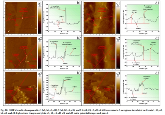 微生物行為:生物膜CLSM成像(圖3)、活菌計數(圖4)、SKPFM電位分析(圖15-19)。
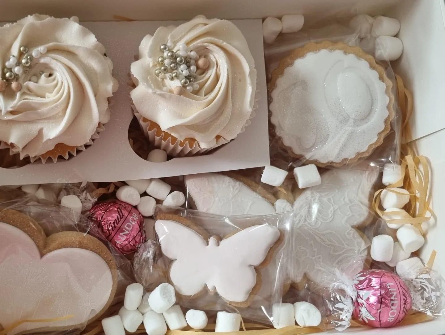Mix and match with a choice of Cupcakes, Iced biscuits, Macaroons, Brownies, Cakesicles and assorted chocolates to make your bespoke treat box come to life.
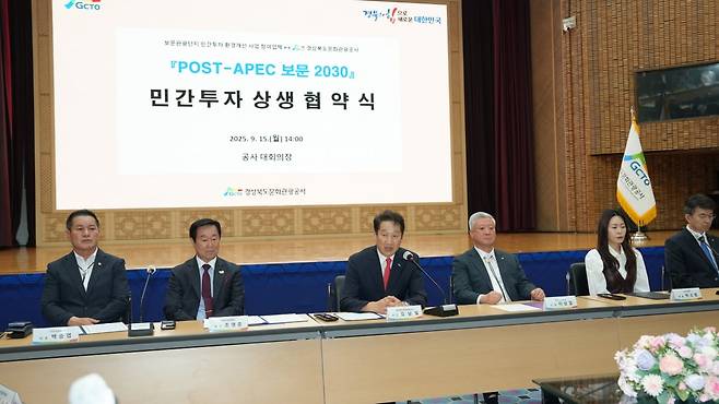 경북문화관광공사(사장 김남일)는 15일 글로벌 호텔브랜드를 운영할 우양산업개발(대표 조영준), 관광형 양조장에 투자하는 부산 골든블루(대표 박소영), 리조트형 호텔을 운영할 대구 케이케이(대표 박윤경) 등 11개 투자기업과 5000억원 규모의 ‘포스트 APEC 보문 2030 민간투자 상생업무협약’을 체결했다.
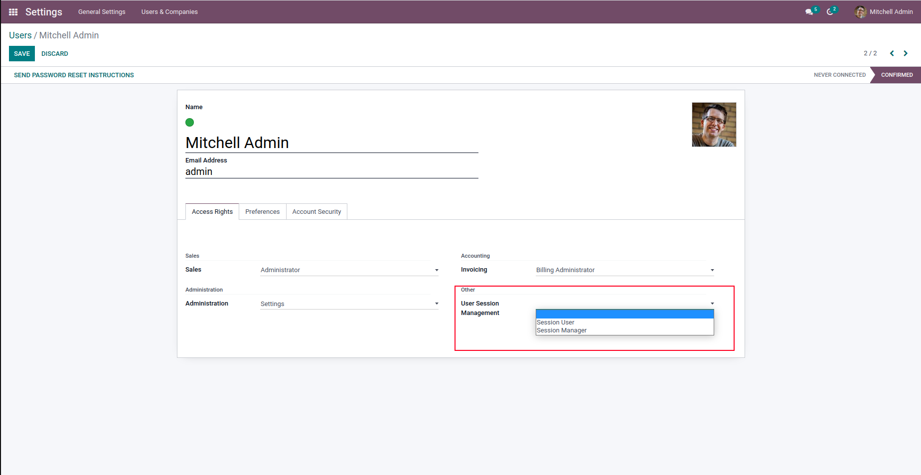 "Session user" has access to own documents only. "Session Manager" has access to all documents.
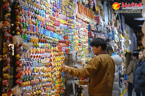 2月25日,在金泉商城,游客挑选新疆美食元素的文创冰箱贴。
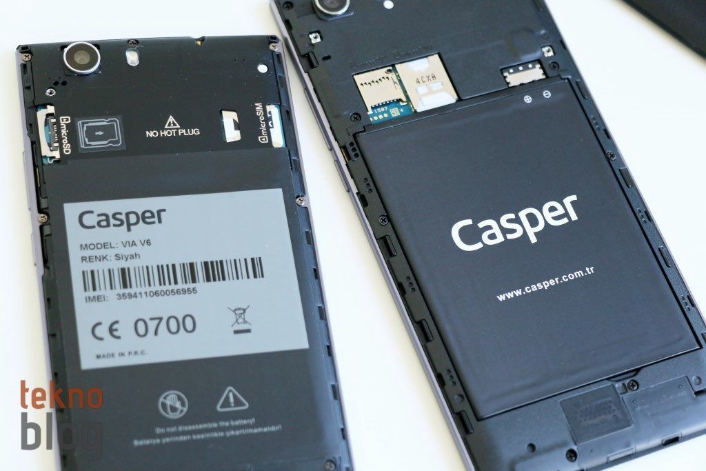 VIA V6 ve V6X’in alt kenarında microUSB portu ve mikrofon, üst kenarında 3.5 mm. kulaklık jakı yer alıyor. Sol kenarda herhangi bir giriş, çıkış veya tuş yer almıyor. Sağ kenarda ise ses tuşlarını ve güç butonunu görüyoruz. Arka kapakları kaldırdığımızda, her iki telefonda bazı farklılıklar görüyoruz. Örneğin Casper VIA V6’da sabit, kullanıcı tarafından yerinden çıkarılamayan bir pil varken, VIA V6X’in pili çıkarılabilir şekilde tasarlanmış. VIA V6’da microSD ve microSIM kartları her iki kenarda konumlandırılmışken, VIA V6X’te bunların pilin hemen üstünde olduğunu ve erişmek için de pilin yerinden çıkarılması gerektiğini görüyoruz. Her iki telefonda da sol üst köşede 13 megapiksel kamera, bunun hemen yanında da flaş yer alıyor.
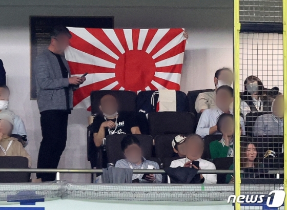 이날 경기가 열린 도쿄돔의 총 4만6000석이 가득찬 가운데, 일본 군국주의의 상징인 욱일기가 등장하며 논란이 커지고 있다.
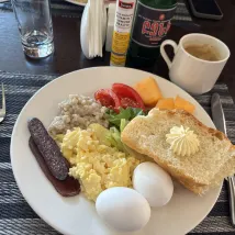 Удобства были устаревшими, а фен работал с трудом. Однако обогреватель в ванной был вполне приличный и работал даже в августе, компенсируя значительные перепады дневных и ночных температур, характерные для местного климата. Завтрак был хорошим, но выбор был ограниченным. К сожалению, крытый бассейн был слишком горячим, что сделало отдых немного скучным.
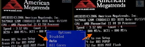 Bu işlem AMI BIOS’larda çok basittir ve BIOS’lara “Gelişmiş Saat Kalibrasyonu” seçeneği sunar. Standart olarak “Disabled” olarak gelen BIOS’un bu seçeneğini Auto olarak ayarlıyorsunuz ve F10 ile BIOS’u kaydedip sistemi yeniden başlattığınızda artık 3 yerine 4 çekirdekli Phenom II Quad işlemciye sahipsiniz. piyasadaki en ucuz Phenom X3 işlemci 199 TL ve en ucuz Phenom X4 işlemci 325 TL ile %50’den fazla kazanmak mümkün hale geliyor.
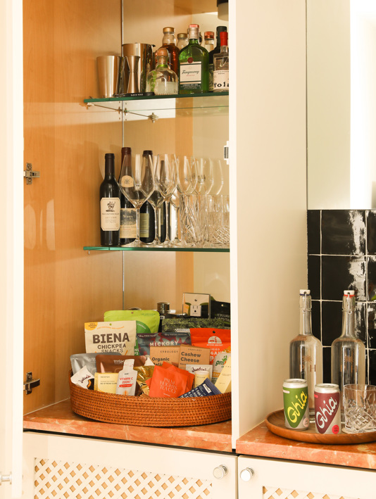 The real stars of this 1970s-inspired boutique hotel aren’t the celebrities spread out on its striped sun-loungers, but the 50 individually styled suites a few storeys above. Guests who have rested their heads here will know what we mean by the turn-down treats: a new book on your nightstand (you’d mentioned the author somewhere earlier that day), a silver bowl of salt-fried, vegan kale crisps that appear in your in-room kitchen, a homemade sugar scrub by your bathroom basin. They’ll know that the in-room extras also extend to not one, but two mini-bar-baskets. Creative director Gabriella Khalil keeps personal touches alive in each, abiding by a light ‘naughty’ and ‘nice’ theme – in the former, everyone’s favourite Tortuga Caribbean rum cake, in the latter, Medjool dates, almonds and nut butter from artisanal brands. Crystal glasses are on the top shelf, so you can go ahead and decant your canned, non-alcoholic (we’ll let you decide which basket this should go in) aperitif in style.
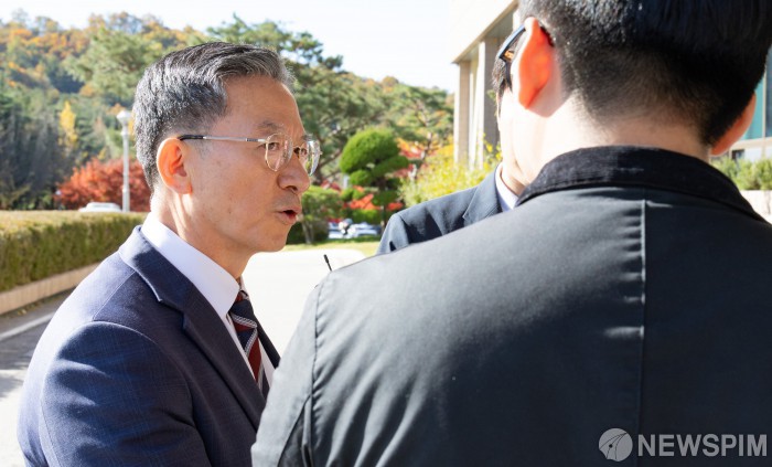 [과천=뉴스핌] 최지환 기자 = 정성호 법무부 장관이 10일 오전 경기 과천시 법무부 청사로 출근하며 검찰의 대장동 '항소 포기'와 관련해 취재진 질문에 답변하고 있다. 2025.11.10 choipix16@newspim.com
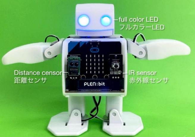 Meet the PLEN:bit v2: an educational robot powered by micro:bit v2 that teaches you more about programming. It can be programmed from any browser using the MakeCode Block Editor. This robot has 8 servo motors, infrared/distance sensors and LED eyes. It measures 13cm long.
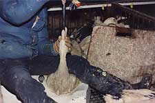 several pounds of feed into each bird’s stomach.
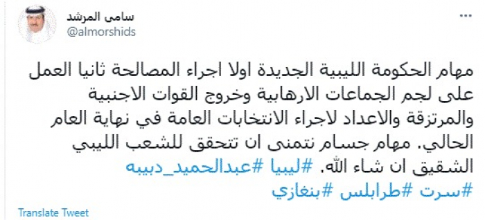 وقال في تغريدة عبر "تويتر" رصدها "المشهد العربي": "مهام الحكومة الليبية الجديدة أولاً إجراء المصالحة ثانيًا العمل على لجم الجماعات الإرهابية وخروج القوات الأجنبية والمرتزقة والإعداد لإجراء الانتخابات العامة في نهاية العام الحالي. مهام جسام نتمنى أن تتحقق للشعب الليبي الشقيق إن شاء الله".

# What is required:
Each line above should be printed again exactly, though the pictures should not be.

# Written reply:
 微生物行為:生物膜CLSM成像(圖3)、活菌計數(圖4)、SKPFM電位分析(圖15-19)。
Mix and match with a choice of Cupcakes, Iced biscuits, Macaroons, Brownies, Cakesicles and assorted chocolates to make your bespoke treat box come to life.
 경북문화관광공사(사장 김남일)는 15일 글로벌 호텔브랜드를 운영할 우양산업개발(대표 조영준), 관광형 양조장에 투자하는 부산 골든블루(대표 박소영), 리조트형 호텔을 운영할 대구 케이케이(대표 박윤경) 등 11개 투자기업과 5000억원 규모의 ‘포스트 APEC 보문 2030 민간투자 상생업무협약’을 체결했다.
 "Session user" has access to own documents only. "Session Manager" has access to all documents.
 2月25日,在金泉商城,游客挑选新疆美食元素的文创冰箱贴。
 VIA V6 ve V6X’in alt kenarında microUSB portu ve mikrofon, üst kenarında 3.5 mm. kulaklık jakı yer alıyor. Sol kenarda herhangi bir giriş, çıkış veya tuş yer almıyor. Sağ kenarda ise ses tuşlarını ve güç butonunu görüyoruz. Arka kapakları kaldırdığımızda, her iki telefonda bazı farklılıklar görüyoruz. Örneğin Casper VIA V6’da sabit, kullanıcı tarafından yerinden çıkarılamayan bir pil varken, VIA V6X’in pili çıkarılabilir şekilde tasarlanmış. VIA V6’da microSD ve microSIM kartları her iki kenarda konumlandırılmışken, VIA V6X’te bunların pilin hemen üstünde olduğunu ve erişmek için de pilin yerinden çıkarılması gerektiğini görüyoruz. Her iki telefonda da sol üst köşede 13 megapiksel kamera, bunun hemen yanında da flaş yer alıyor.
 이날 경기가 열린 도쿄돔의 총 4만6000석이 가득찬 가운데, 일본 군국주의의 상징인 욱일기가 등장하며 논란이 커지고 있다.
 Удобства были устаревшими, а фен работал с трудом. Однако обогреватель в ванной был вполне приличный и работал даже в августе, компенсируя значительные перепады дневных и ночных температур, характерные для местного климата. Завтрак был хорошим, но выбор был ограниченным. К сожалению, крытый бассейн был слишком горячим, что сделало отдых немного скучным.
 Bu işlem AMI BIOS’larda çok basittir ve BIOS’lara “Gelişmiş Saat Kalibrasyonu” seçeneği sunar. Standart olarak “Disabled” olarak gelen BIOS’un bu seçeneğini Auto olarak ayarlıyorsunuz ve F10 ile BIOS’u kaydedip sistemi yeniden başlattığınızda artık 3 yerine 4 çekirdekli Phenom II Quad işlemciye sahipsiniz. piyasadaki en ucuz Phenom X3 işlemci 199 TL ve en ucuz Phenom X4 işlemci 325 TL ile %50’den fazla kazanmak mümkün hale geliyor.
 The real stars of this 1970s-inspired boutique hotel aren’t the celebrities spread out on its striped sun-loungers, but the 50 individually styled suites a few storeys above. Guests who have rested their heads here will know what we mean by the turn-down treats: a new book on your nightstand (you’d mentioned the author somewhere earlier that day), a silver bowl of salt-fried, vegan kale crisps that appear in your in-room kitchen, a homemade sugar scrub by your bathroom basin. They’ll know that the in-room extras also extend to not one, but two mini-bar-baskets. Creative director Gabriella Khalil keeps personal touches alive in each, abiding by a light ‘naughty’ and ‘nice’ theme – in the former, everyone’s favourite Tortuga Caribbean rum cake, in the latter, Medjool dates, almonds and nut butter from artisanal brands. Crystal glasses are on the top shelf, so you can go ahead and decant your canned, non-alcoholic (we’ll let you decide which basket this should go in) aperitif in style.
 [과천=뉴스핌] 최지환 기자 = 정성호 법무부 장관이 10일 오전 경기 과천시 법무부 청사로 출근하며 검찰의 대장동 '항소 포기'와 관련해 취재진 질문에 답변하고 있다. 2025.11.10 choipix16@newspim.com
 Meet the PLEN:bit v2: an educational robot powered by micro:bit v2 that teaches you more about programming. It can be programmed from any browser using the MakeCode Block Editor. This robot has 8 servo motors, infrared/distance sensors and LED eyes. It measures 13cm long.
 several pounds of feed into each bird’s stomach.
 وقال في تغريدة عبر "تويتر" رصدها "المشهد العربي": "مهام الحكومة الليبية الجديدة أولاً إجراء المصالحة ثانيًا العمل على لجم الجماعات الإرهابية وخروج القوات الأجنبية والمرتزقة والإعداد لإجراء الانتخابات العامة في نهاية العام الحالي. مهام جسام نتمنى أن تتحقق للشعب الليبي الشقيق إن شاء الله".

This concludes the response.